I got Týr from someone who felt like she couldn't give him enough attention anymore. She asked me, shortly after Loki's death, if I wanted to take him in. And so I did. 
To be honest, it wasn't so easy at first. I missed my Loki so much and Týr is (of course) an entirely different hog; while Loki was the sweetest and easiest hedgehog ever, Týr was hissing and huffing. I don't think he was _that _grumpy; just not what I was used to. And even though I know everyone is different it can be hard when you miss someone that much. Even when you know there are no, and shouldn't be no replacements.
I handle him everyday and he's becoming less and less huffy. He has the hilarious habit of stealing my stuff. It doesn't really matter what but if I have it, he wants it. Socks are still his favourite though. He is such a funny guy who loves exploring, but enjoys cuddling more and more. I've had him since August and I'm looking forward to the new year. I hope it'll be filled with lots of happiness! 
And probably babies  He might have a date soon with someone else's hedgehog. I'm hoping I'll be able to keep one of the babies.

Enough talking for now, time for pictures!










^ back when I just got him. He was such a round, chubby potato :lol: He has lost quite some weight since then.

Some days you just want to go back to bed and sleep...










As for being a little thief... stealing my bra










My fudge










Sometimes it tastes good










and sometimes it doesn't!










_Really _doesn't










A little privacy please! 










... but he can be pretty too










And cute!



















Anointing with a towel.

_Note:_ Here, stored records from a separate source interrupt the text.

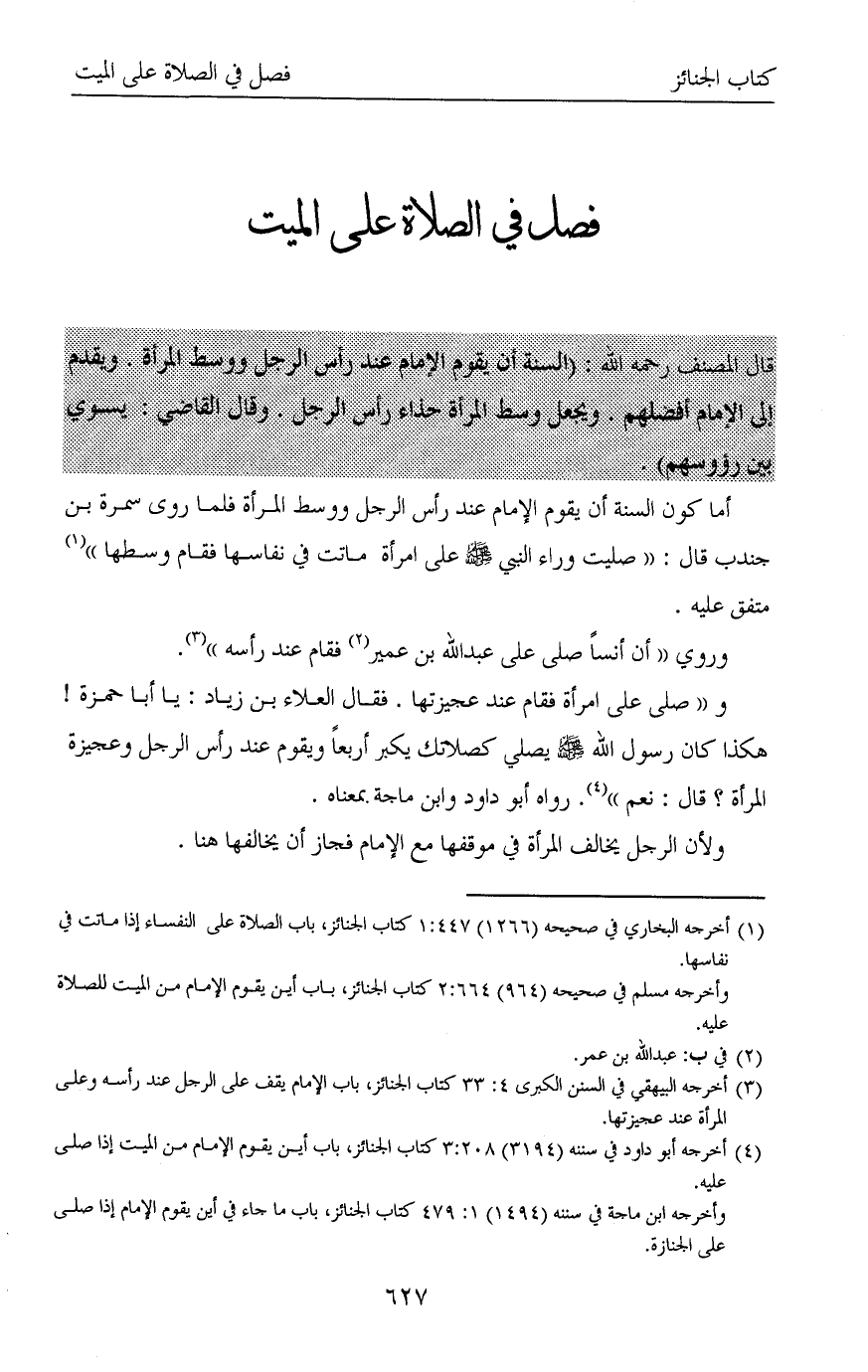 (¬4) أخرجه أبو داود في سننه (3194) 3: 208 كتاب الجنائز، باب أين يقوم الإمام من الميت إذا صلى عليه.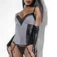 1 PC. Fully boned rigid eyelash lace bustier with underwire cups & PVC bone covers. Center front hook & eye closure & center back cord lace up with removable straps and garters.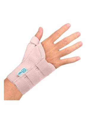Férula para la muñeca con pletina de aluminio extraíble y moldeable para el apoyo del pulgar, que permite conseguir una estabilización individualizada, cómoda y efectiva de las articulaciones.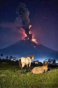 Mayon is an active stratovolcano with a nearly perfect cone in the province of Albay in the Philippines. It is in the Mayon Volcano Natural Park, one of the first national parks of the country.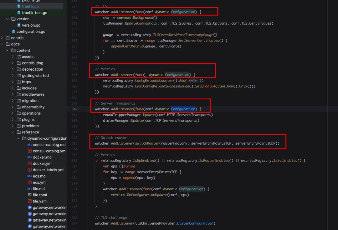 这里的 watcher 也是一个关键点,添加了关于 TLS、Metrics、Server Transports 和 Switch Router 的动态配置的监听。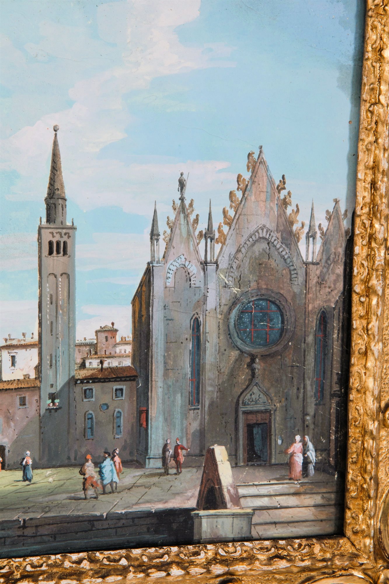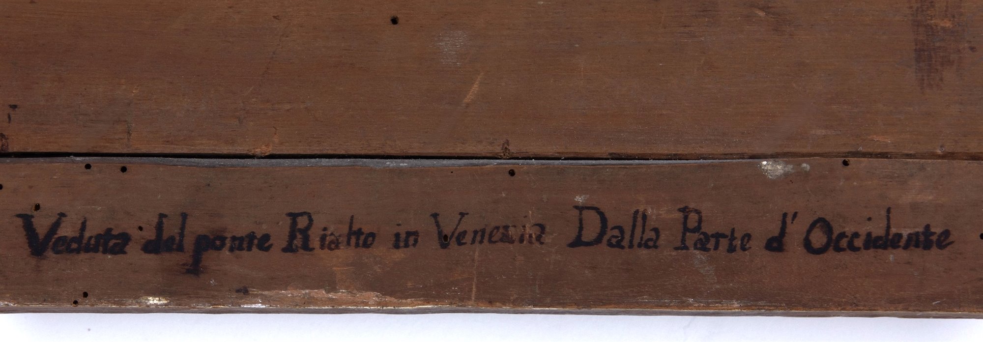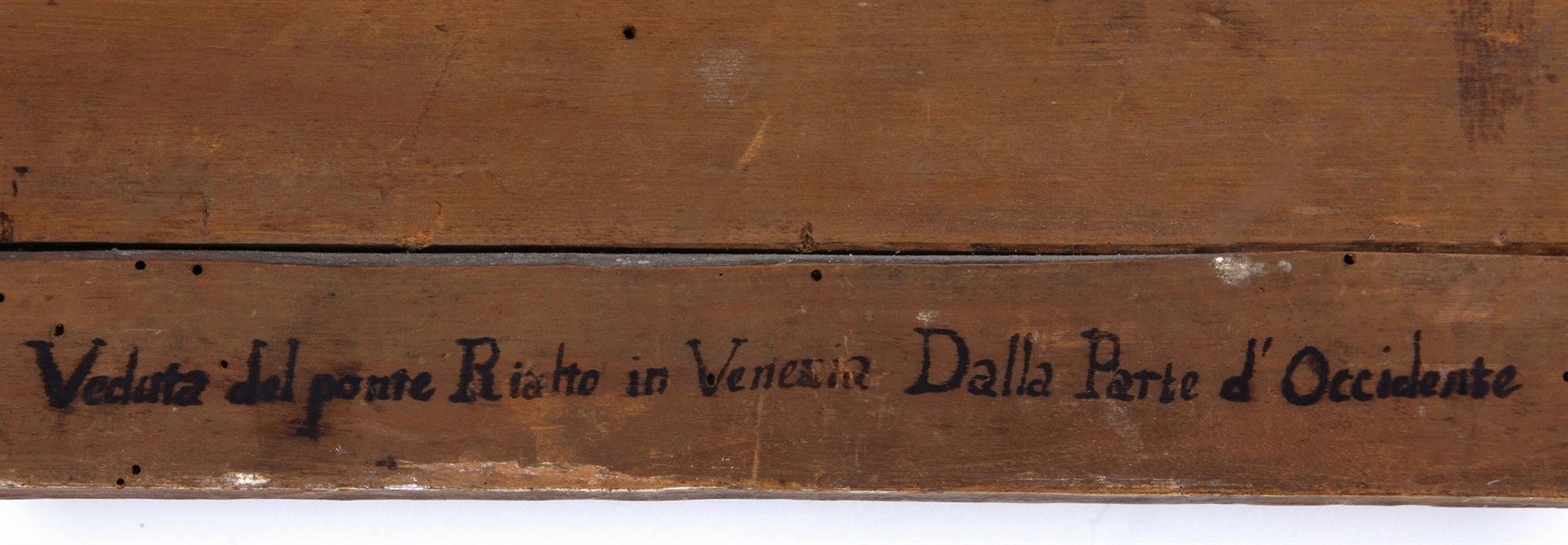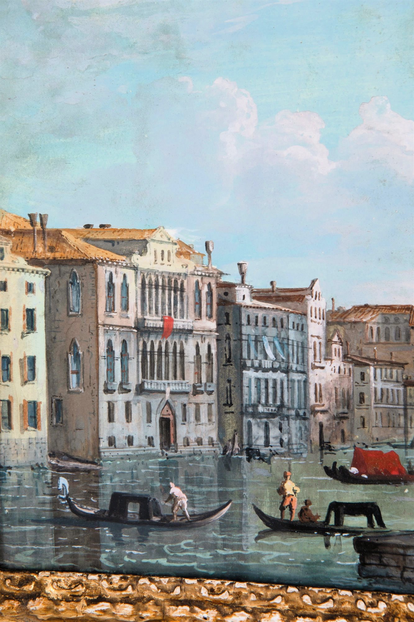 Ces deux magnifiques vues de Venise, peintes à la gouache sur papier vers la fin du XVIIIe siècle, sont attribuées à Giacomo Guardi et à son atelier renommé. Elles représentent deux vues spectaculaires du Grand Canal : l'une avec le pont du Rialto et le Palazzo dei Camerlenghi, l'autre avec l'église Santa Maria della Carità et la Piazza dell'Accademia. Il est intéressant d'admirer l'église telle qu'elle apparaissait au XVIIIe siècle, avec sa façade gothique. Les flèches pyramidales à pinacles et édicules ont disparu au XIXe siècle, ne subsistant que dans les peintures d'époque.

Make sure you have your sound on so you can hear his happy noises  (he falls of the edge in the end and just drags the towel with him :lol: )






Older exploring video






And some sock-stealing :lol:


----------



## fishhead (Nov 18, 2013)

Aw, he's so cute. Nice photographic work, you really captured a ton of personality in those.


----------



## Annie&Tibbers (Apr 16, 2013)

I love Týr. He's such a charming scamp!


----------



## brittbritt (Dec 19, 2013)

Those are great pictures of such a photogenic hedgehog.


----------



## Draenog (Feb 27, 2012)

Thanks! Out of the hedgehogs I've had he's the hardest one to photograph, but it's getting easier


----------



## shetland (Sep 2, 2008)

Thank you for the pictures and videos of this wonderful little boy! My favorite video is the one where he is dragging the sock about. I just love him!!!


----------



## Draenog (Feb 27, 2012)

Thank you shetland!


----------



## Draenog (Feb 27, 2012)

Some new pics  made a comparison picture, he only weighs 560 grams now!



















And after a bath


----------



## MomLady (Aug 14, 2010)

Oh he's such a cutie. 

In that last picture, he looks like he's laughing. And you can see his TEEFS!


----------



## brittbritt (Dec 19, 2013)

I especially love the smiling teethy picture.


----------



## Aether (Nov 18, 2013)

Oh my goodness!!!! So adorable!! My hubby and I died laughing at the video you posted of him stealing the sock. xD


----------